For much of Terrorhawk, Bear vs. Shark delivers the melodic post-hardcore goods like a woollier At the Drive-In, but the five-piece taps into the same ragged passion that made the Constantines' Shine a Light so urgent. All these bands make music that moves. "5,6 Kids" is the sound of perpetual motion, with a cyclical guitar riff, polyrhythmic drum pattern and throbbing bass each searching for its own way to break free. When they all lock in on the thrilling chorus, Paffi wailing at the upper limit of his range, it's clear that they've found release.
Even if there's nothing here as kinetic as "Ma Jolie" from the band's debut, Bear vs. Shark moves in some exciting new directions on Terrorhawk.
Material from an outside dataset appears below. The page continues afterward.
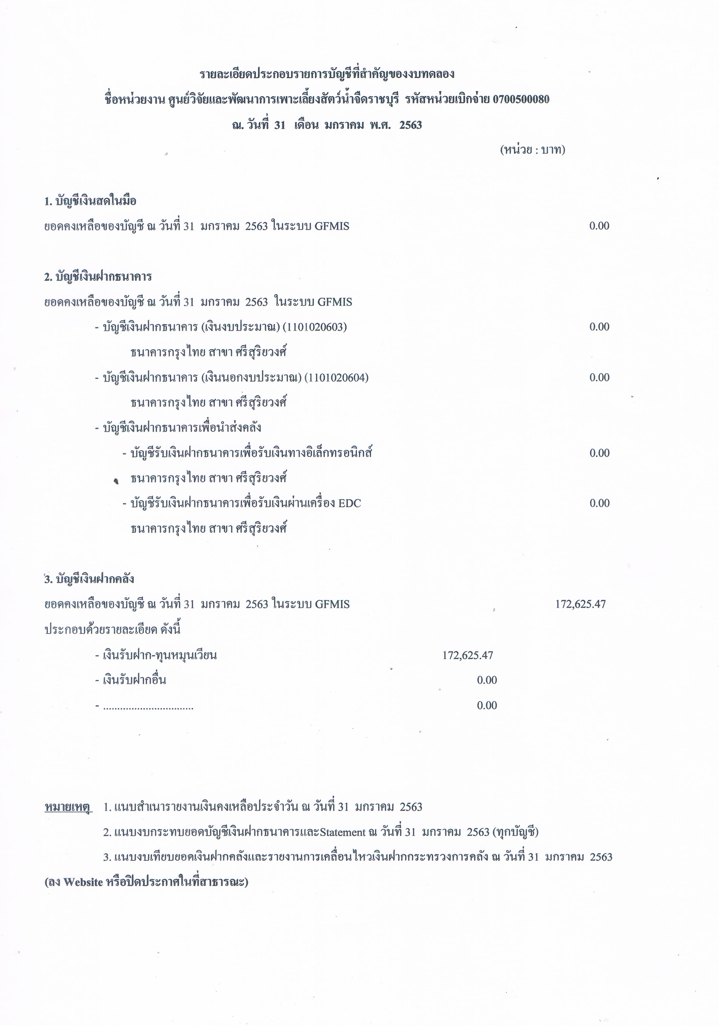 รายละเอียดประกอบรายการบัญชีที่สำคัญของงบทดลอง ณ วันที่ 31 มกราคม 2563

The band expands its attack to include pianos, electronic interludes and even brass -- former Morphine saxophonist Dana Colley summons the spirit of Albert Ayler over a powerful four-chord vamp at the end of "Baraga Embankment. With the stunning "Song About Old Roller Coaster," Bear vs. Shark perfects the art of the waltz-time power ballad. Take that, Nickelback.
Though they could get by on their blistering passion, the guys in Bear vs. Shark are smart enough to know that a pastoral melody or gruffly delivered hook can be just as potent as a scream. On Terrorhawk, we get all of the above. This is a band to watch.